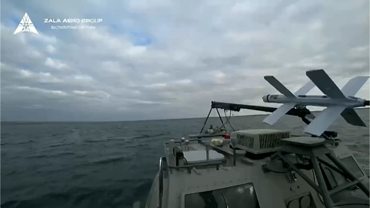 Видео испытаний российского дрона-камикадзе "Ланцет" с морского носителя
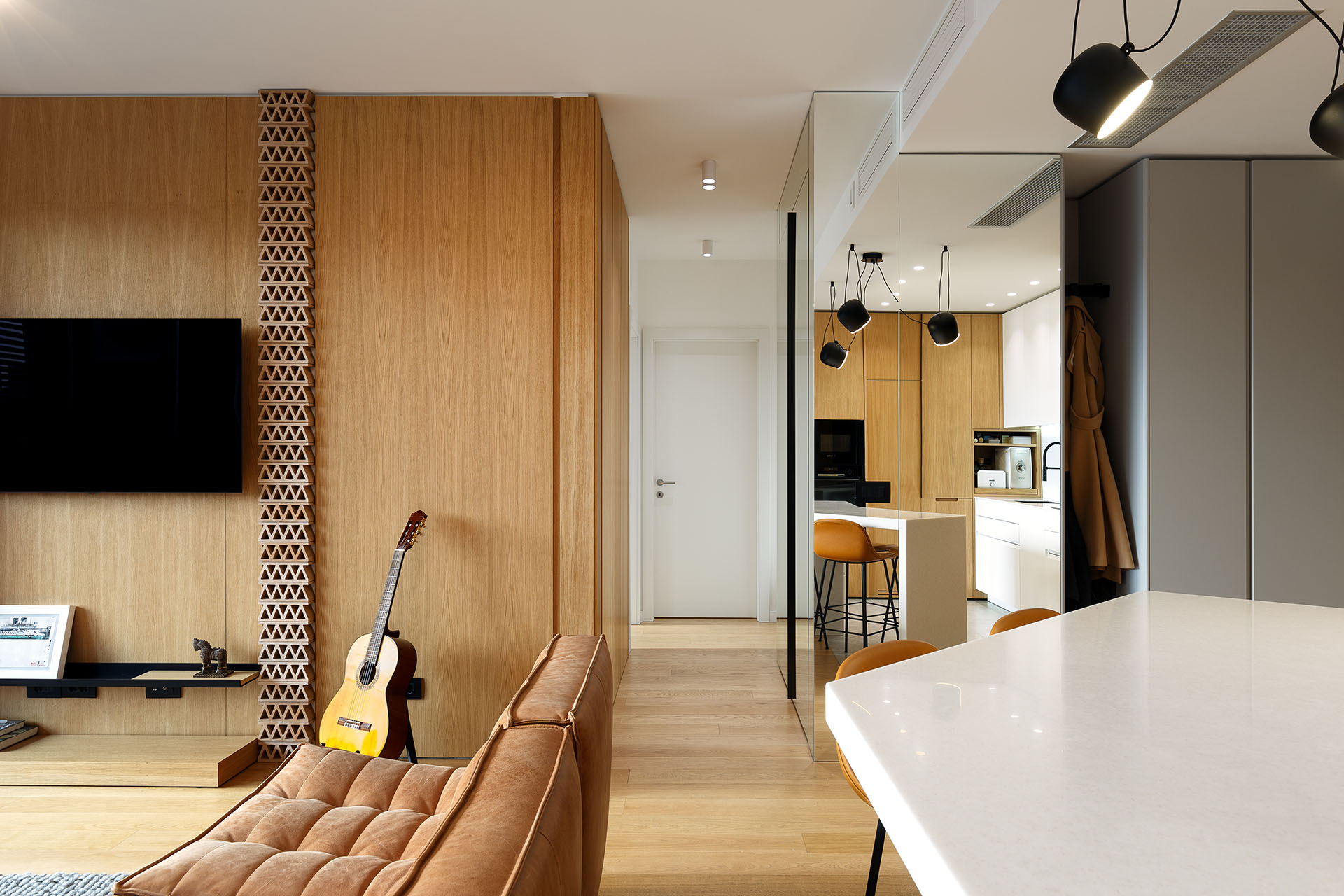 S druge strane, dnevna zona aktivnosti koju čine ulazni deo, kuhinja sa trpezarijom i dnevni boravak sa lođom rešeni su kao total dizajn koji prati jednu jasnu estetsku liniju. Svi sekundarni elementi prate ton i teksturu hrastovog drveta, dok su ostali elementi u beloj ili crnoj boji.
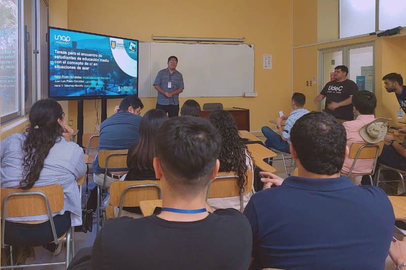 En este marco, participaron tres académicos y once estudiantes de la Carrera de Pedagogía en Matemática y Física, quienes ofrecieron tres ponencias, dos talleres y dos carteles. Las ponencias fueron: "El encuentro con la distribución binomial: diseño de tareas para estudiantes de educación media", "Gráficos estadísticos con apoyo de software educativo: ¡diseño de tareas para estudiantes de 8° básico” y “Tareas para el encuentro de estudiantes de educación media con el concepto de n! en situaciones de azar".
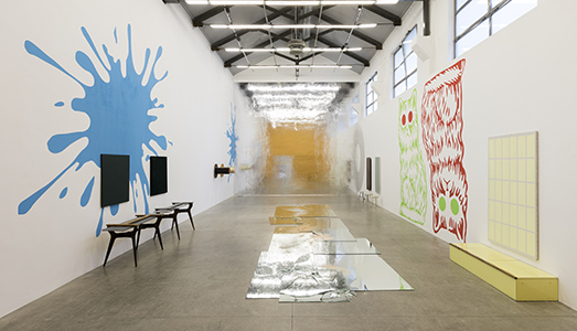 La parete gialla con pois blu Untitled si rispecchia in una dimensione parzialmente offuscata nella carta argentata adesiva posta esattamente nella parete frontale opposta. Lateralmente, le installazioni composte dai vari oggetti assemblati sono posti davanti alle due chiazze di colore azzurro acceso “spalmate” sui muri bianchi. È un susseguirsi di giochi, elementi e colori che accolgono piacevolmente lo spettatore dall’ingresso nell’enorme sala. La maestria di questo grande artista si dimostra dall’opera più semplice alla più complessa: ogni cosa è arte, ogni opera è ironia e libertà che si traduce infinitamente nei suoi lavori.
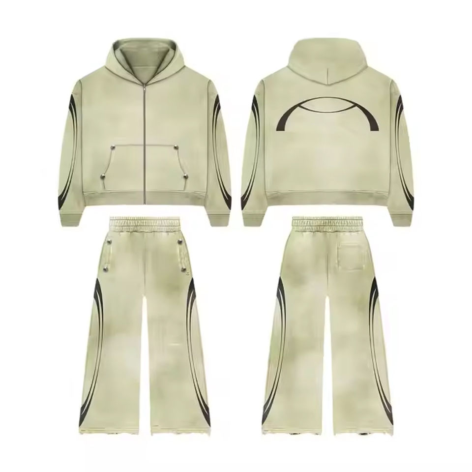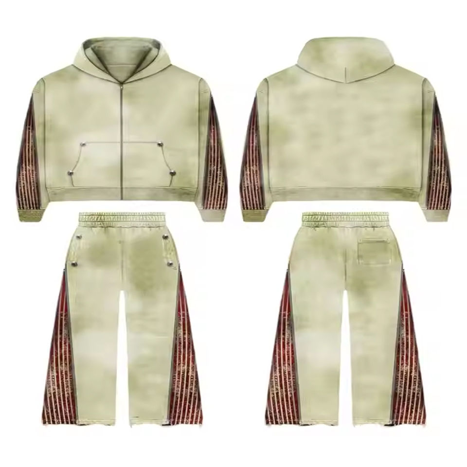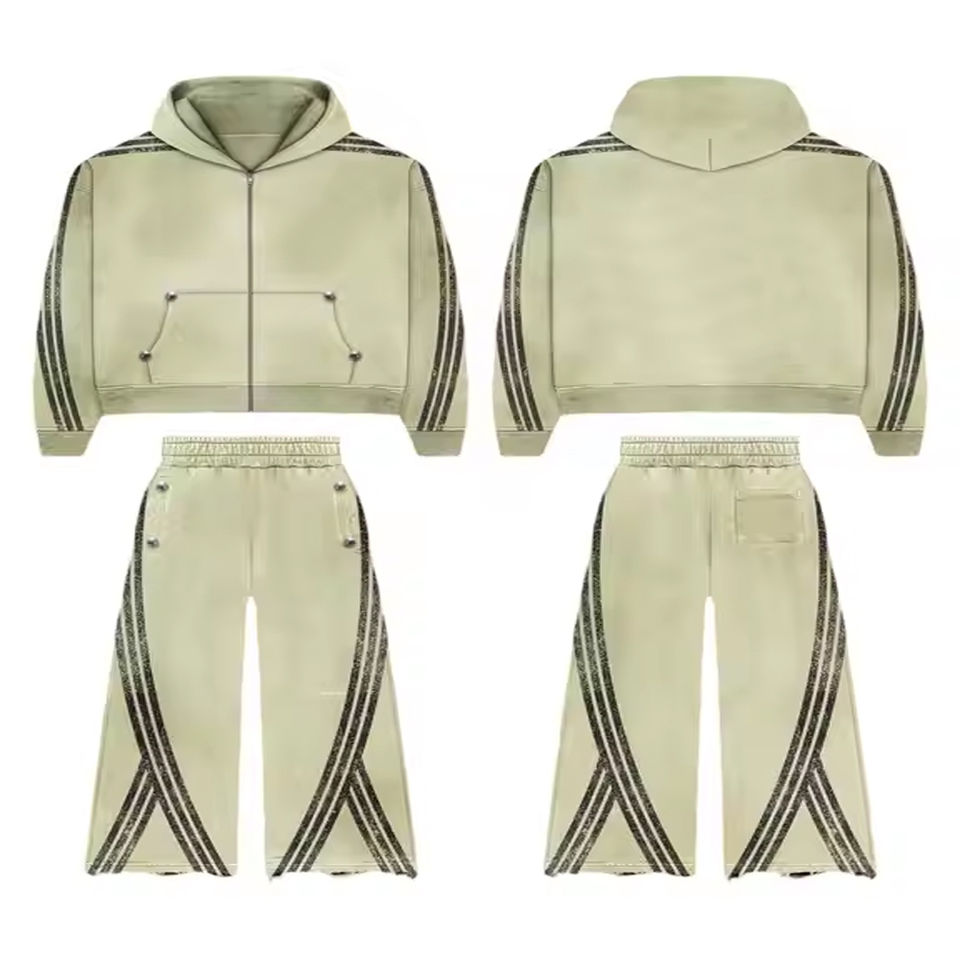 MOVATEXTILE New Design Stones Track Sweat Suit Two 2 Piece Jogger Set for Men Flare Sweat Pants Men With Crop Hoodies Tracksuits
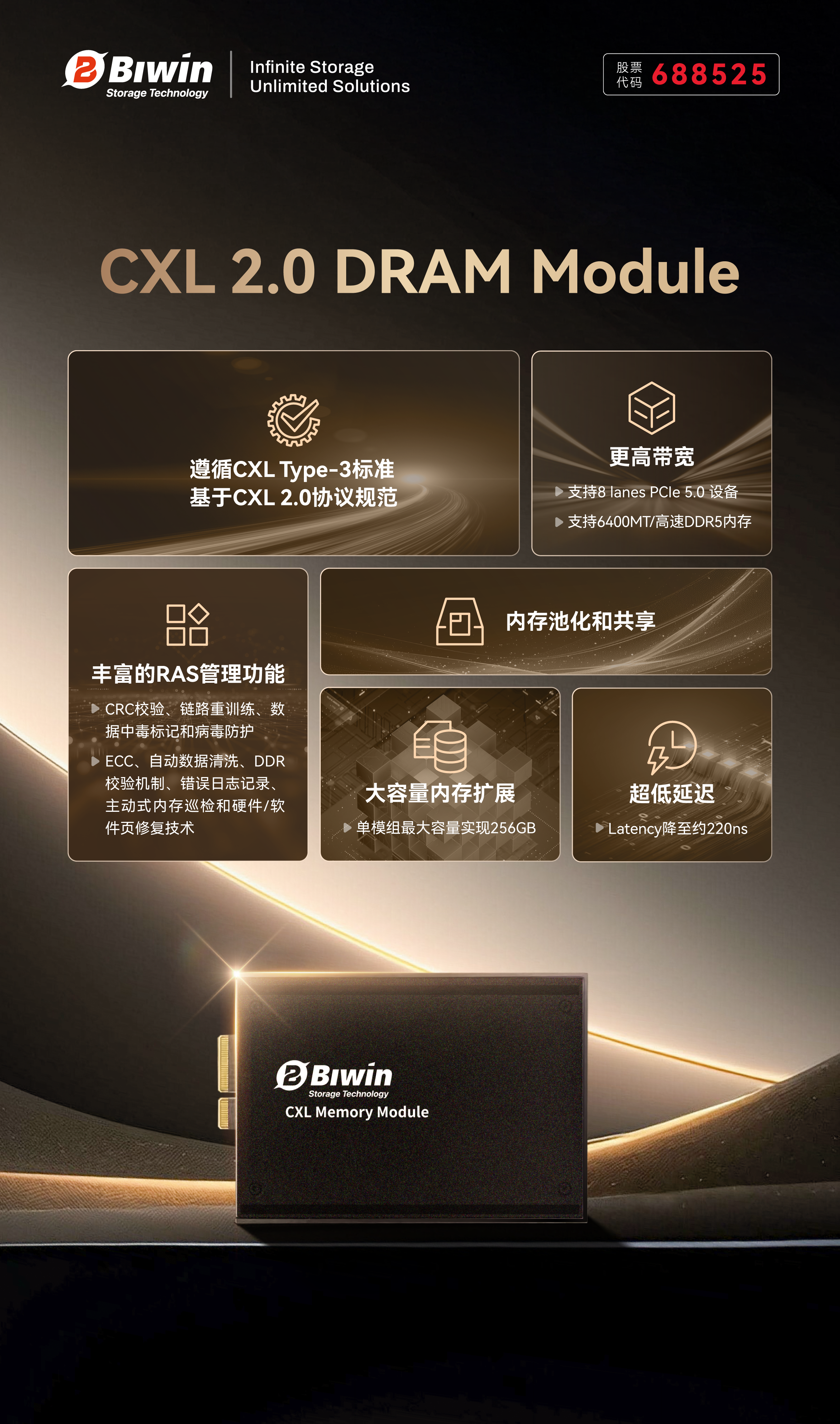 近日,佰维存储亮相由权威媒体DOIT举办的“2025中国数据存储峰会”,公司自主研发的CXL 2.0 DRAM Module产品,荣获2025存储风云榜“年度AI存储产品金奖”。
--------------------------------------------------
§ Task to carry out
What is needed is an exact copy of every entry, minus the images.

§ Exercise response
 Видео испытаний российского дрона-камикадзе "Ланцет" с морского носителя
 S druge strane, dnevna zona aktivnosti koju čine ulazni deo, kuhinja sa trpezarijom i dnevni boravak sa lođom rešeni su kao total dizajn koji prati jednu jasnu estetsku liniju. Svi sekundarni elementi prate ton i teksturu hrastovog drveta, dok su ostali elementi u beloj ili crnoj boji.
 En este marco, participaron tres académicos y once estudiantes de la Carrera de Pedagogía en Matemática y Física, quienes ofrecieron tres ponencias, dos talleres y dos carteles. Las ponencias fueron: "El encuentro con la distribución binomial: diseño de tareas para estudiantes de educación media", "Gráficos estadísticos con apoyo de software educativo: ¡diseño de tareas para estudiantes de 8° básico” y “Tareas para el encuentro de estudiantes de educación media con el concepto de n! en situaciones de azar".
 La parete gialla con pois blu Untitled si rispecchia in una dimensione parzialmente offuscata nella carta argentata adesiva posta esattamente nella parete frontale opposta. Lateralmente, le installazioni composte dai vari oggetti assemblati sono posti davanti alle due chiazze di colore azzurro acceso “spalmate” sui muri bianchi. È un susseguirsi di giochi, elementi e colori che accolgono piacevolmente lo spettatore dall’ingresso nell’enorme sala. La maestria di questo grande artista si dimostra dall’opera più semplice alla più complessa: ogni cosa è arte, ogni opera è ironia e libertà che si traduce infinitamente nei suoi lavori.
 MOVATEXTILE New Design Stones Track Sweat Suit Two 2 Piece Jogger Set for Men Flare Sweat Pants Men With Crop Hoodies Tracksuits
 近日,佰维存储亮相由权威媒体DOIT举办的“2025中国数据存储峰会”,公司自主研发的CXL 2.0 DRAM Module产品,荣获2025存储风云榜“年度AI存储产品金奖”。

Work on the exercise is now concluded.